__TRY IT__: Your response to the data below should hold nothing except the lines from the one containing "初冬时节,京港澳高速武汉东西" down to the one containing "在中國共產(chǎn)黨成立", reproduced exactly and without pictures.

__DATA__:
★ ★ ★ ★ ★

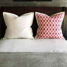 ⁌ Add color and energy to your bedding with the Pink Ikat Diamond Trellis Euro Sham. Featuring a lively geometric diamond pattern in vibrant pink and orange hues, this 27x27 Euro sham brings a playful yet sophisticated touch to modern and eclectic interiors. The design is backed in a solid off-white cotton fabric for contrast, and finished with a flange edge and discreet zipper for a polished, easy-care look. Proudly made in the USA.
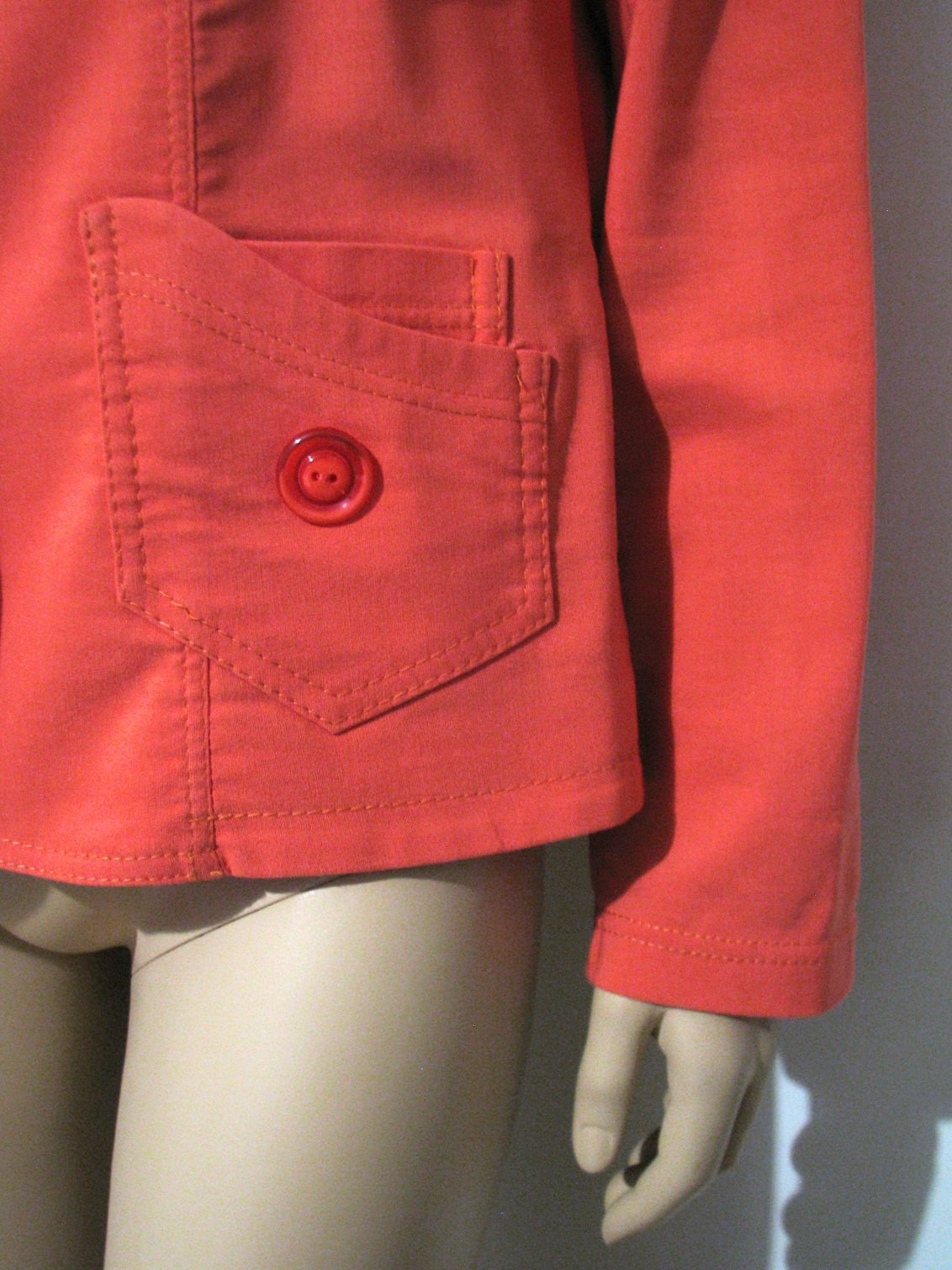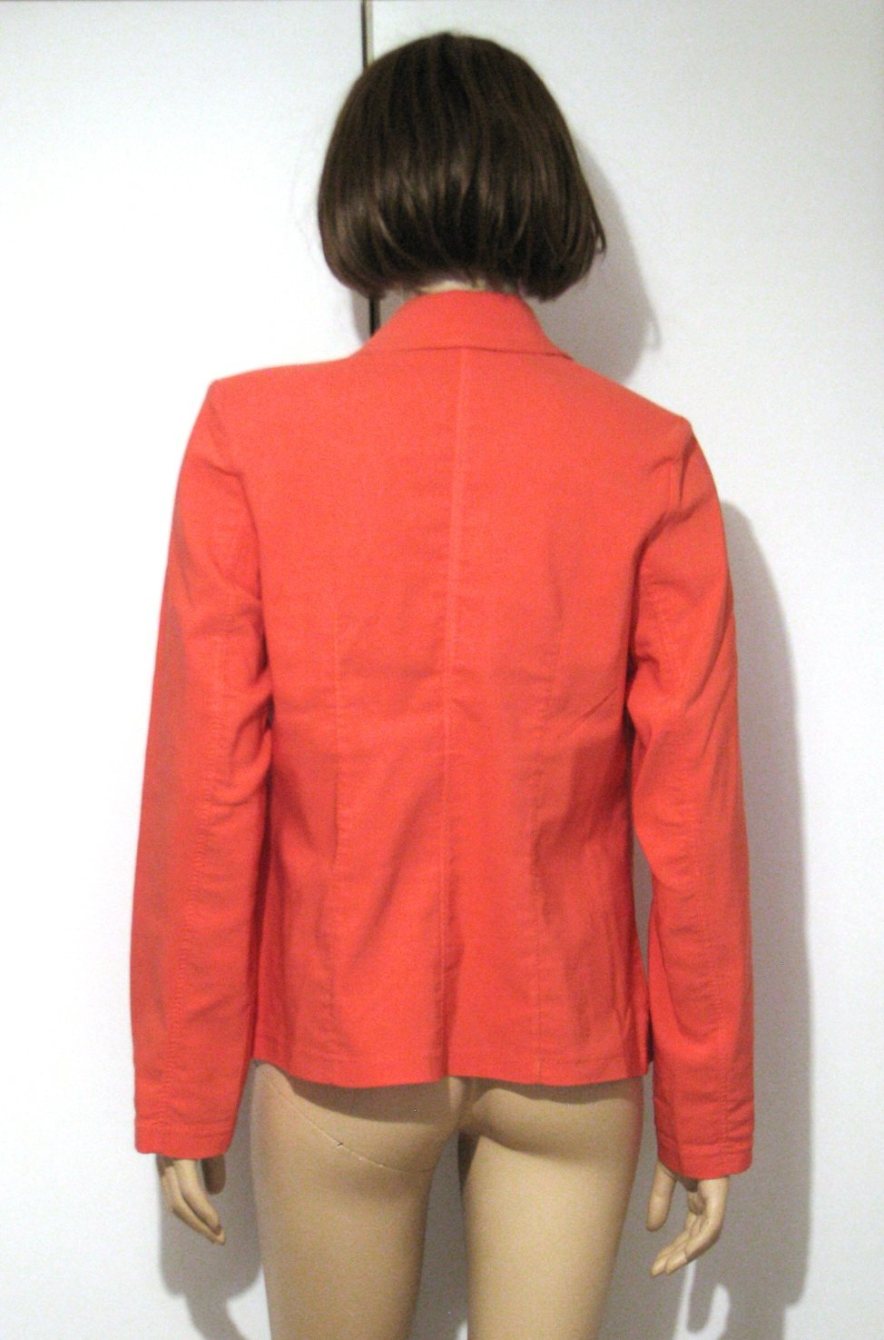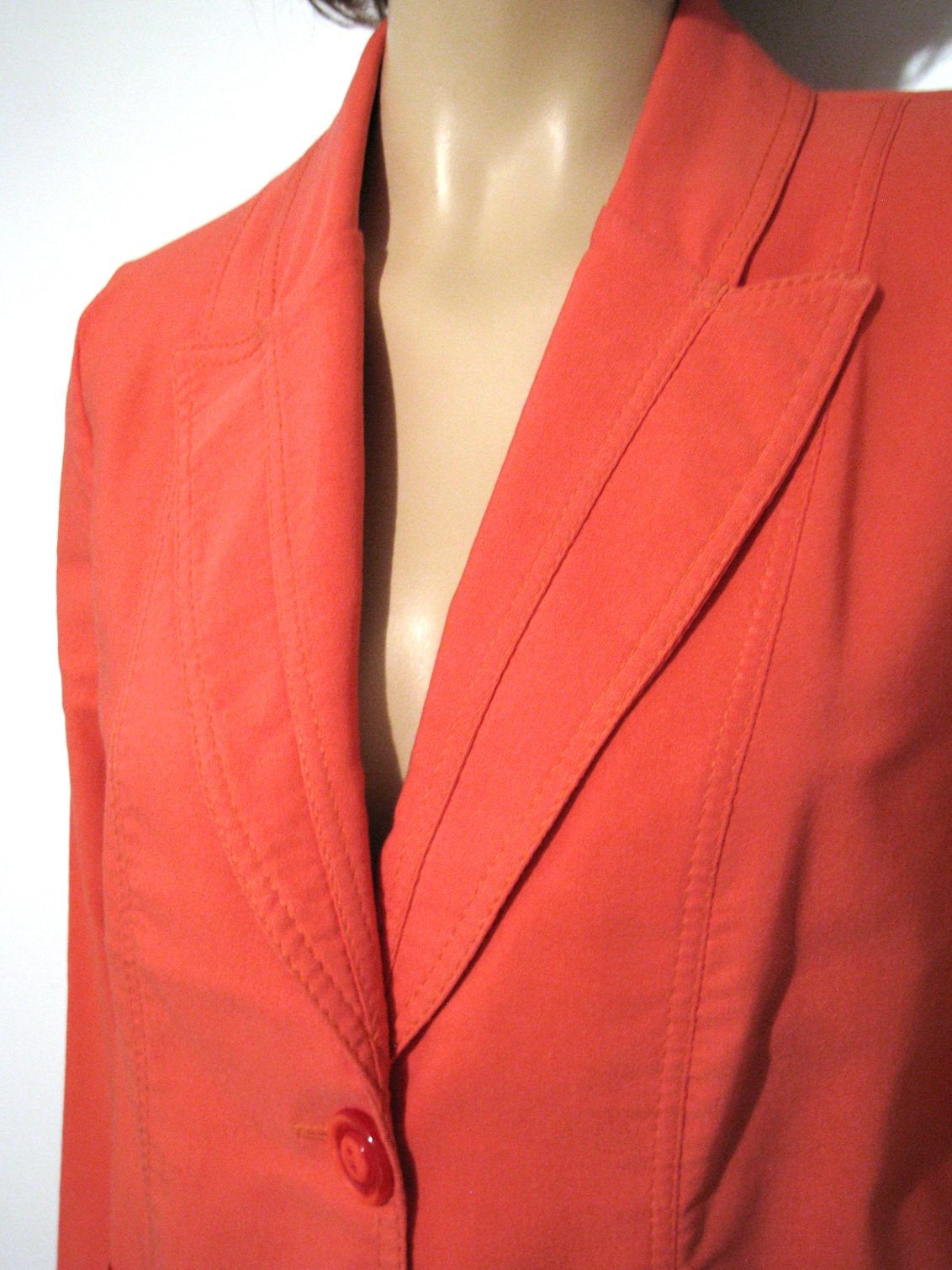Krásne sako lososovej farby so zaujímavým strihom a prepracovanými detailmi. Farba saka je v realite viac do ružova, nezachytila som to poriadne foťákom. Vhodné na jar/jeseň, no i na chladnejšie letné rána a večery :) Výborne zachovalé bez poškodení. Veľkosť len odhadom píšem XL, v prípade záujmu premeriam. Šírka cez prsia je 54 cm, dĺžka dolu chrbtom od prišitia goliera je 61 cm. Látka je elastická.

★ ★ ★ ★ ★

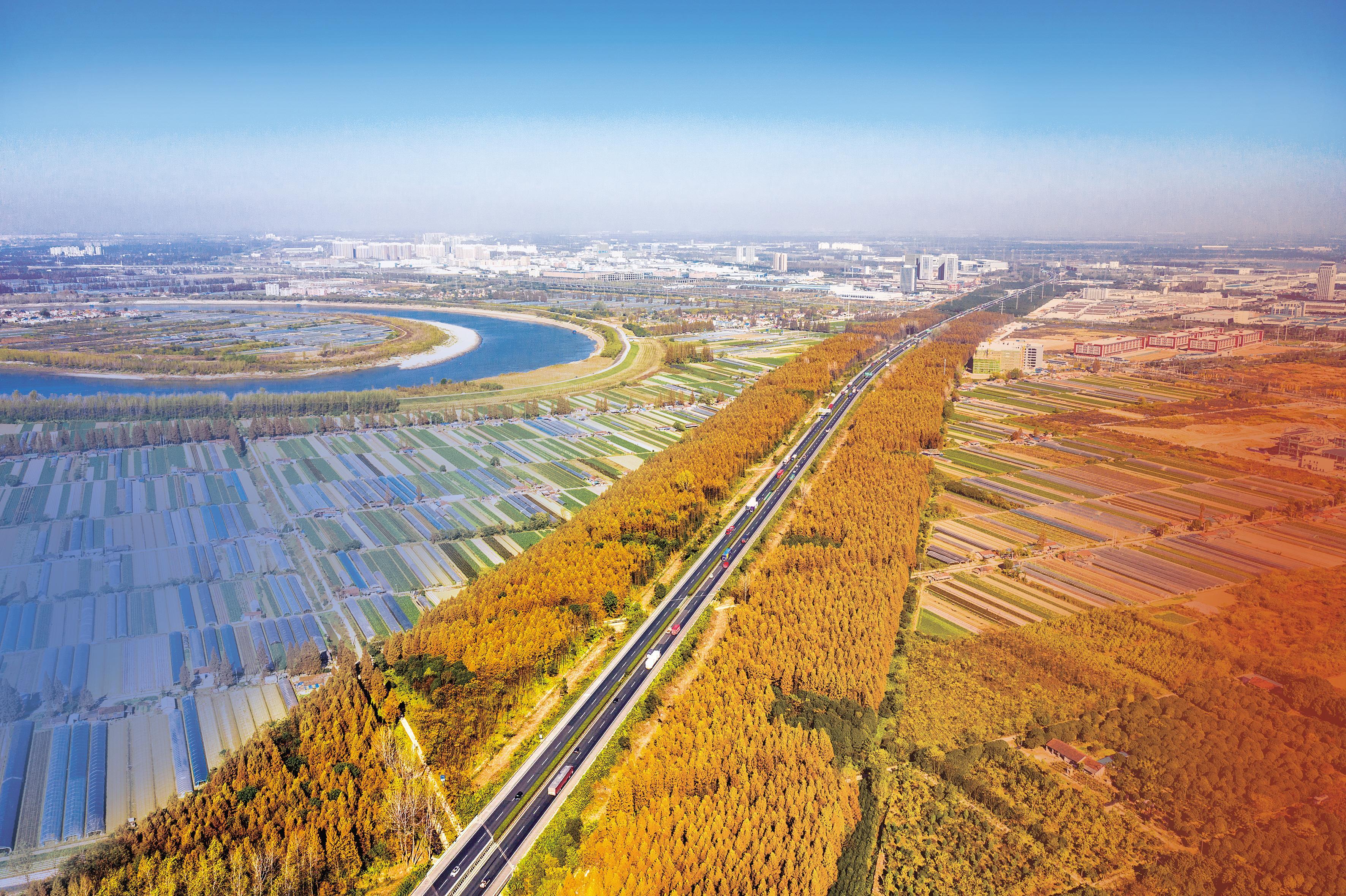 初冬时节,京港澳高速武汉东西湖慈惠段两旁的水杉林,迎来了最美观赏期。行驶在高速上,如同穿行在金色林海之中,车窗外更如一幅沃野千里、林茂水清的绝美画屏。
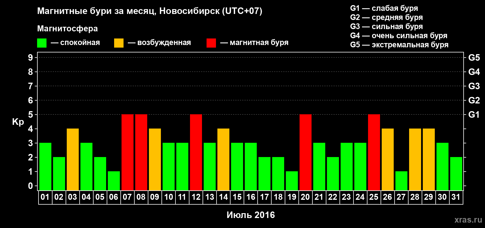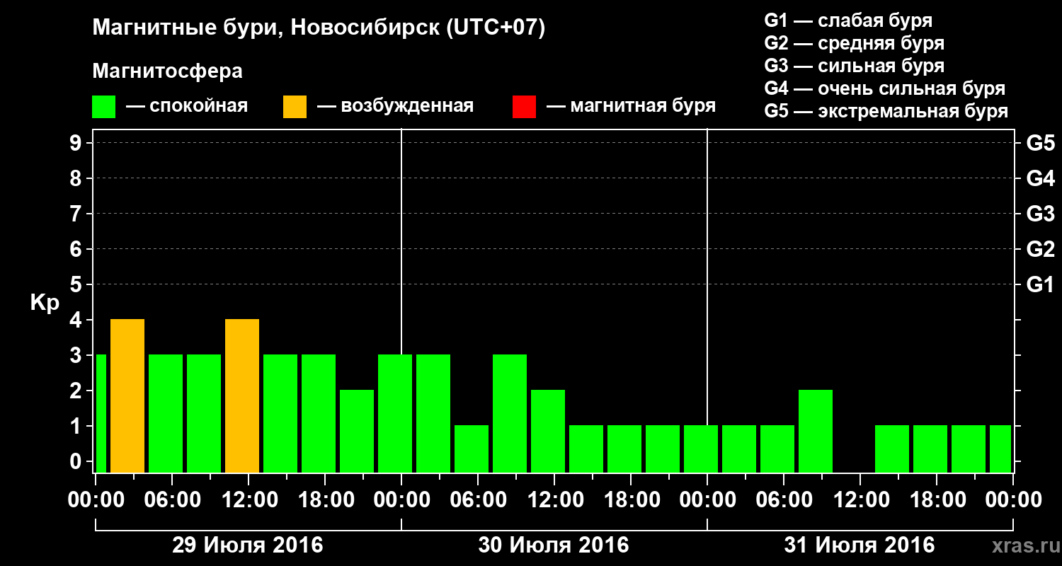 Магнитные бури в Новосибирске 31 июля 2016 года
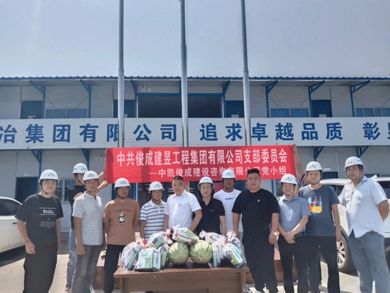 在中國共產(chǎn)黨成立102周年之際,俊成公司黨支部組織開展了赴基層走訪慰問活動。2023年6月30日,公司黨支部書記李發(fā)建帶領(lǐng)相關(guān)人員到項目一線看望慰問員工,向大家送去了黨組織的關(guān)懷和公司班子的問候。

★ ★ ★ ★ ★

__WRITTEN REPLY__:
 初冬时节,京港澳高速武汉东西湖慈惠段两旁的水杉林,迎来了最美观赏期。行驶在高速上,如同穿行在金色林海之中,车窗外更如一幅沃野千里、林茂水清的绝美画屏。
 Магнитные бури в Новосибирске 31 июля 2016 года
 在中國共產(chǎn)黨成立102周年之際,俊成公司黨支部組織開展了赴基層走訪慰問活動。2023年6月30日,公司黨支部書記李發(fā)建帶領(lǐng)相關(guān)人員到項目一線看望慰問員工,向大家送去了黨組織的關(guān)懷和公司班子的問候。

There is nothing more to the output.